What the task requires
Starting at the line holding "主力100-115㎡三房:实" and finishing at the line holding "This life expectancy", transcribe the material exactly, keeping both ends but no pictures.

The data
=== Begin Enclosure ===

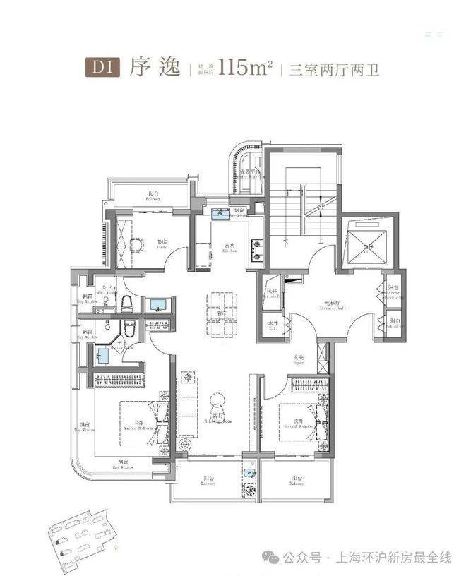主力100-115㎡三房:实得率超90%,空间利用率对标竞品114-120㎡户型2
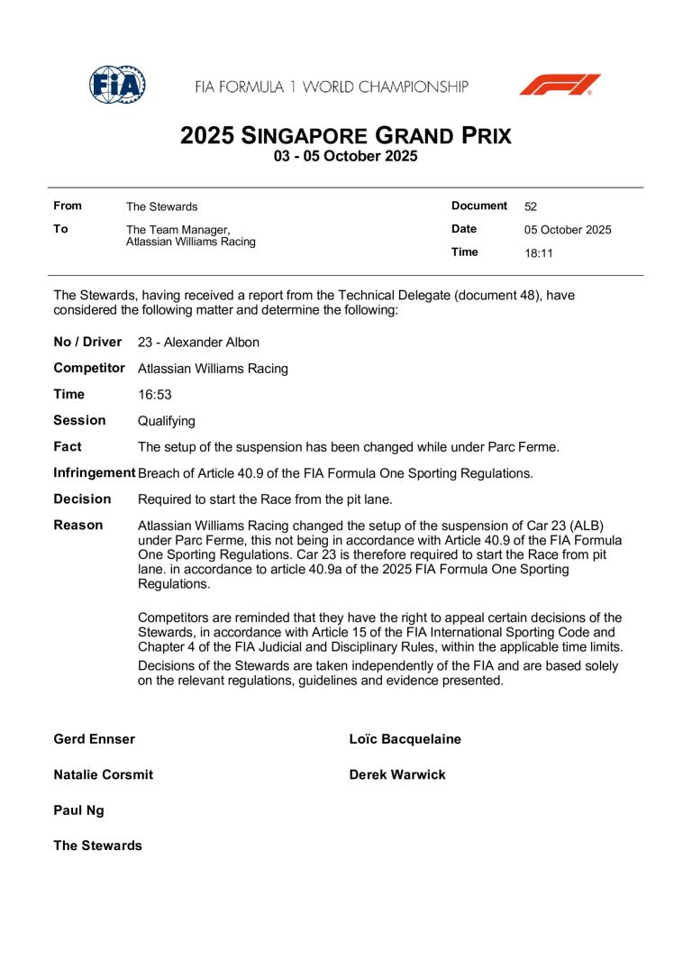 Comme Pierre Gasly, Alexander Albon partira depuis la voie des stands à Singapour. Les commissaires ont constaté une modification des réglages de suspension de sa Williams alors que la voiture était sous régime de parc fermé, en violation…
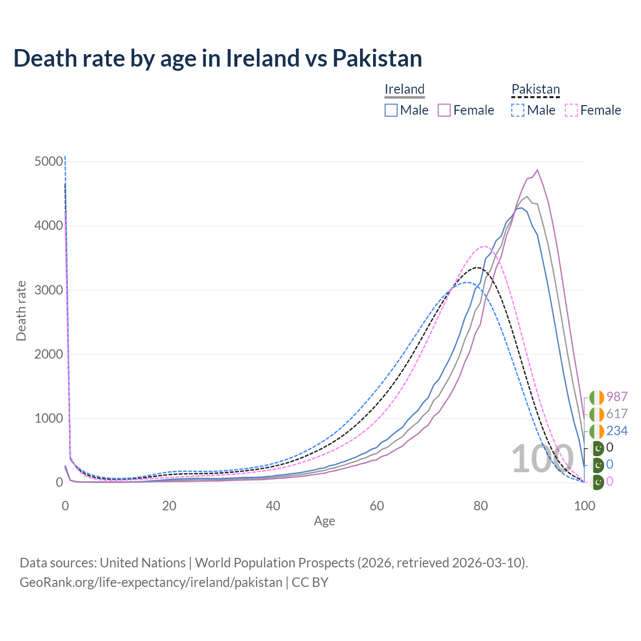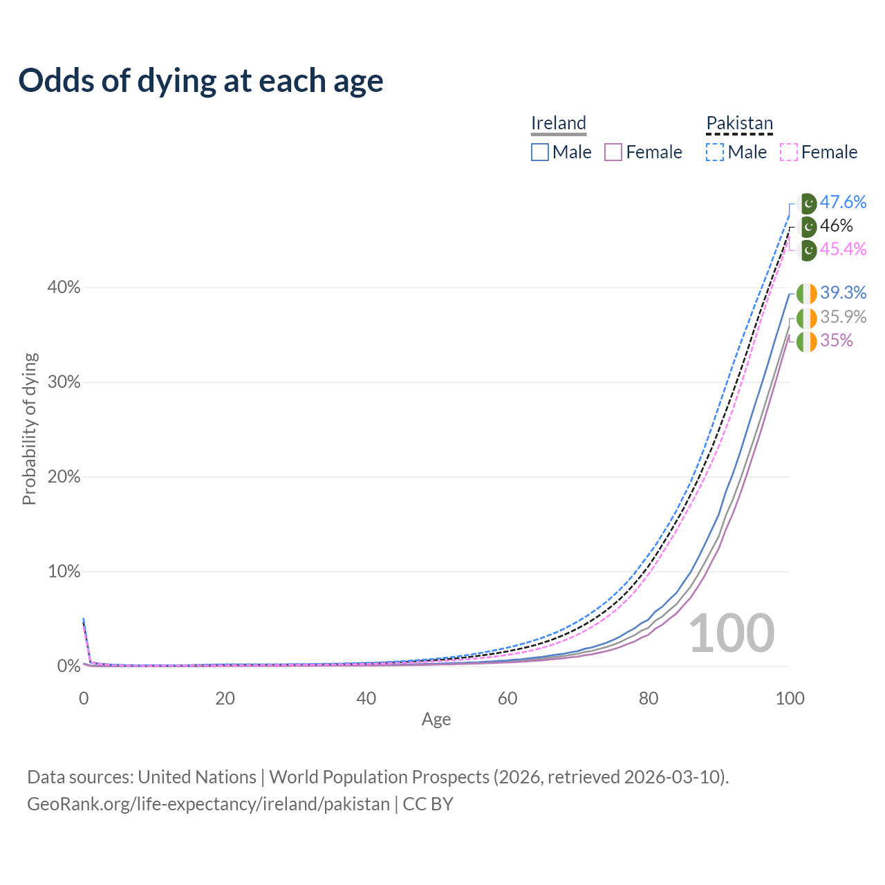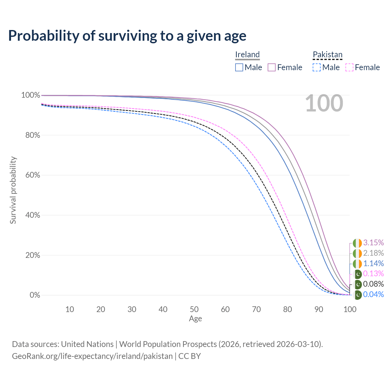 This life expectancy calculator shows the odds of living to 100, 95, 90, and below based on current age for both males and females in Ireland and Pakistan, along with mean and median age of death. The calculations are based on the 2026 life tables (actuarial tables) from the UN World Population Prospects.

=== End Enclosure ===
=== Begin Enclosure ===

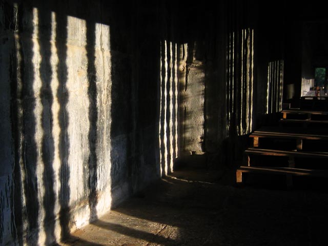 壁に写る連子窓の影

=== End Enclosure ===
=== Begin Enclosure ===

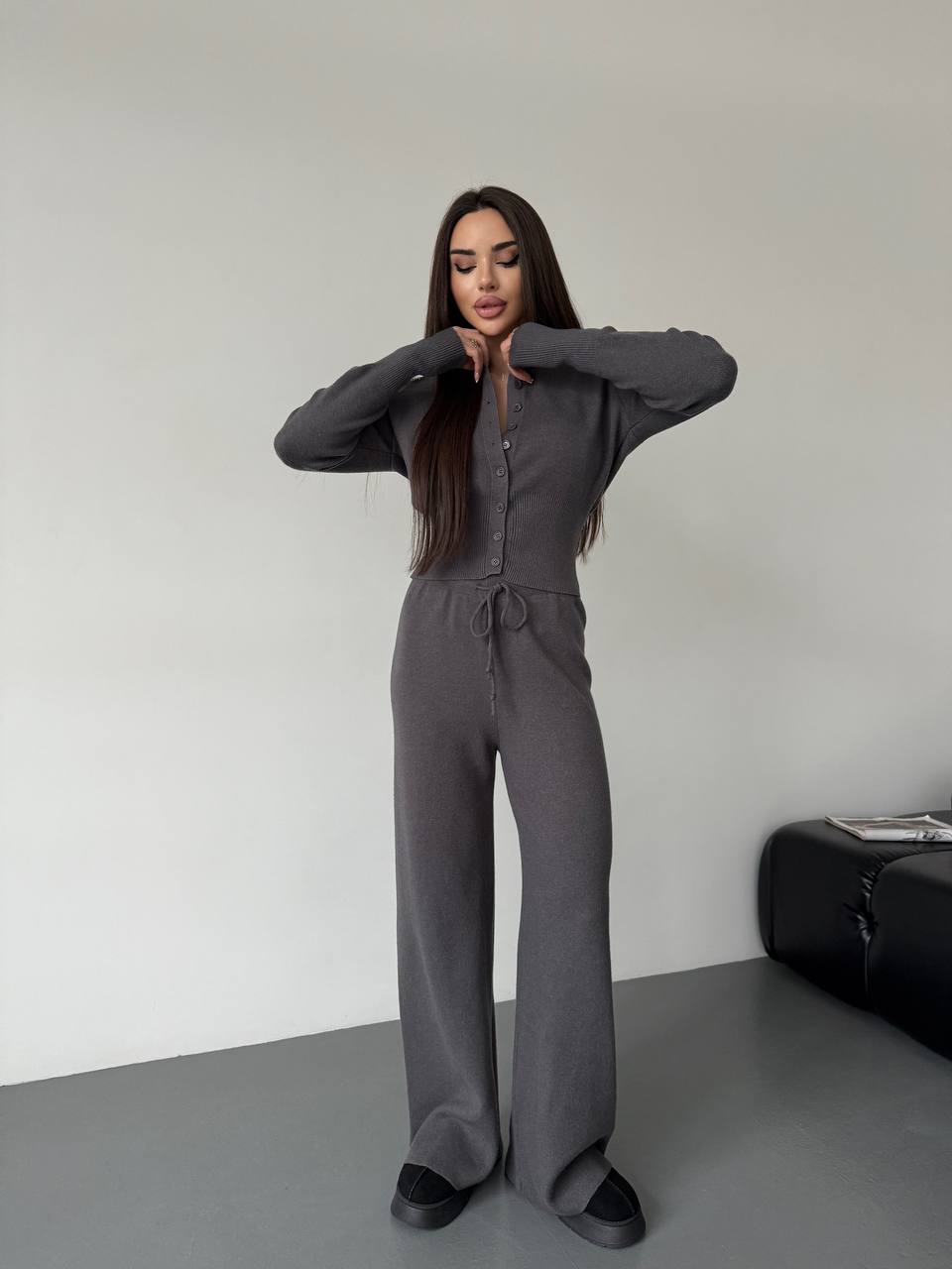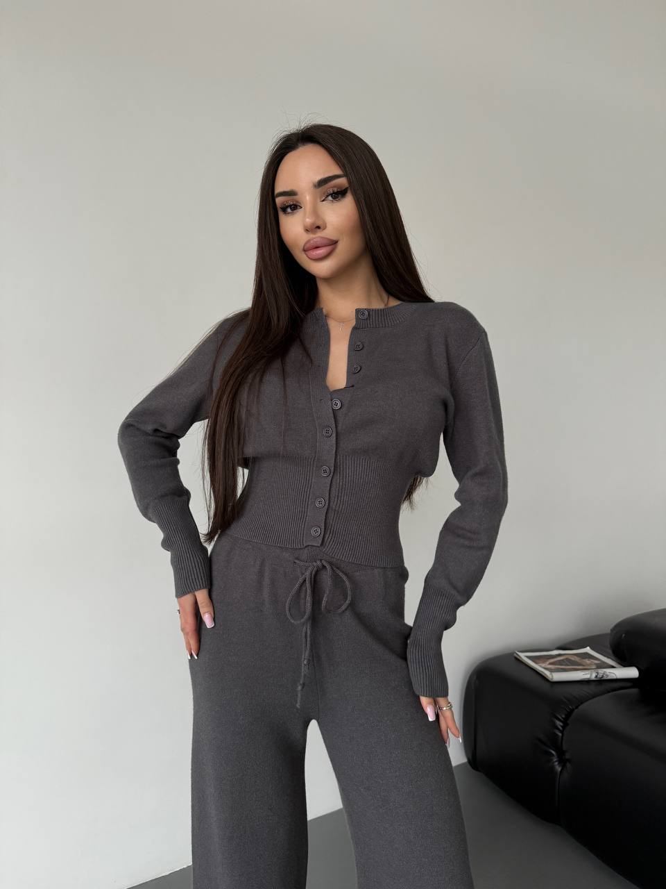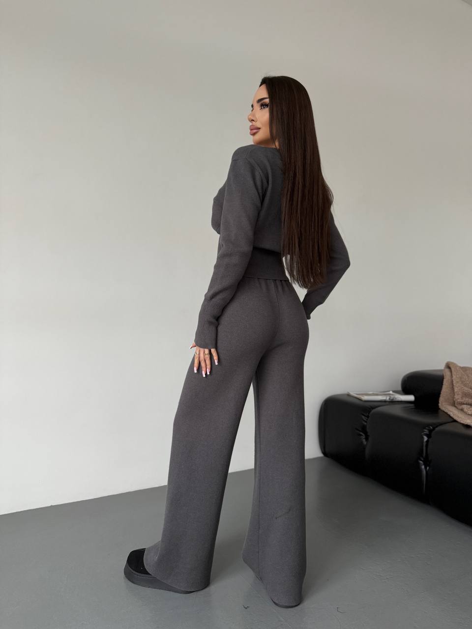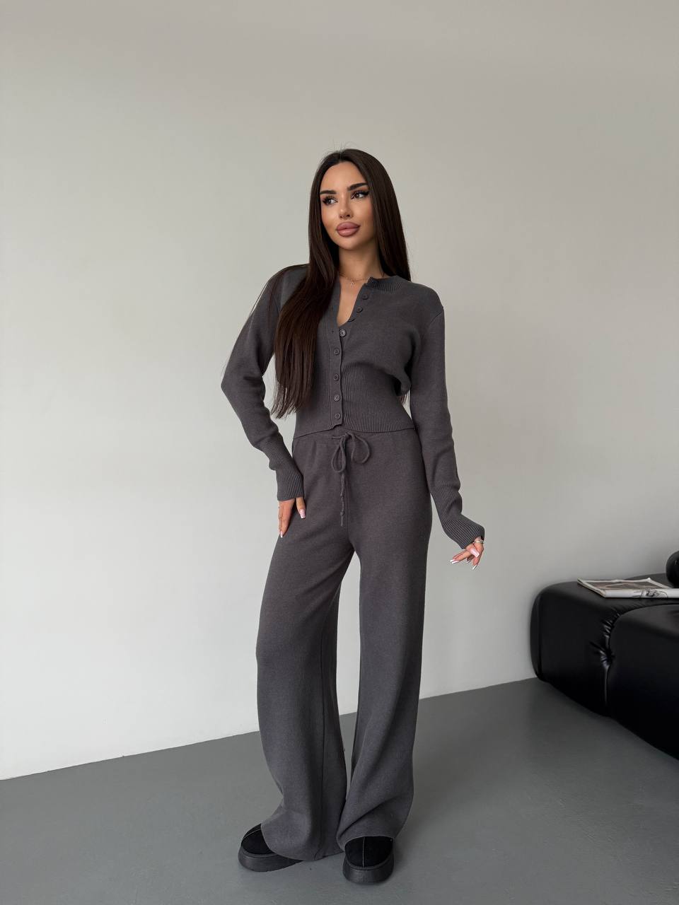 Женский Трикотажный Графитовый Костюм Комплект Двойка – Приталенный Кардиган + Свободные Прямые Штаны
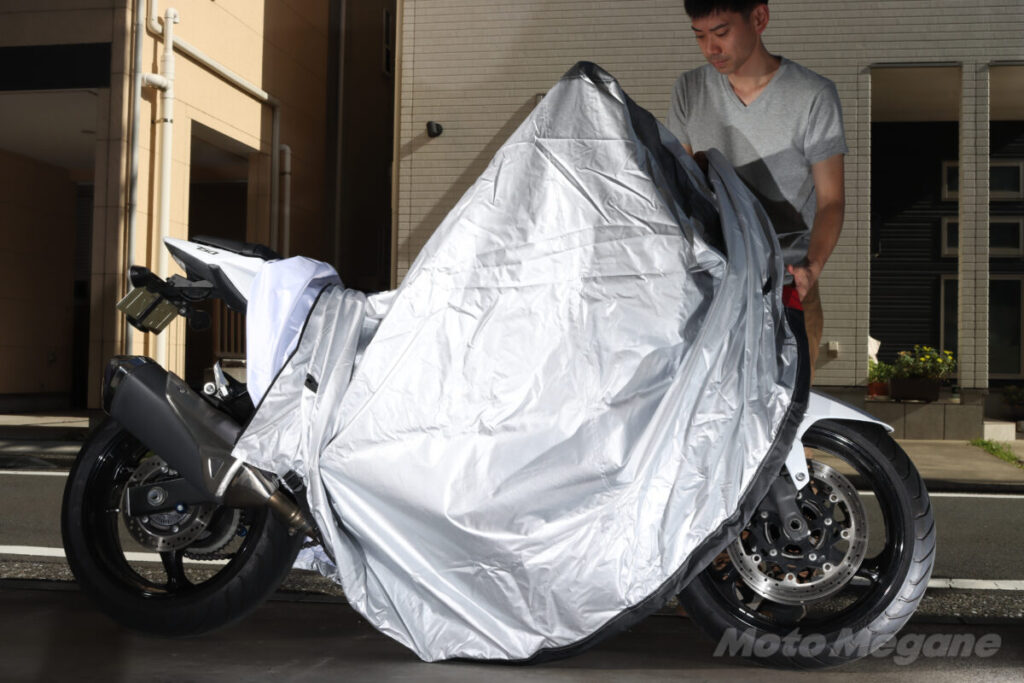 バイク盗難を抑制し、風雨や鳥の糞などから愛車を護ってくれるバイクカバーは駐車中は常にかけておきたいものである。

=== End Enclosure ===

Output of the exercise
主力100-115㎡三房:实得率超90%,空间利用率对标竞品114-120㎡户型2
 Comme Pierre Gasly, Alexander Albon partira depuis la voie des stands à Singapour. Les commissaires ont constaté une modification des réglages de suspension de sa Williams alors que la voiture était sous régime de parc fermé, en violation…
 This life expectancy calculator shows the odds of living to 100, 95, 90, and below based on current age for both males and females in Ireland and Pakistan, along with mean and median age of death. The calculations are based on the 2026 life tables (actuarial tables) from the UN World Population Prospects.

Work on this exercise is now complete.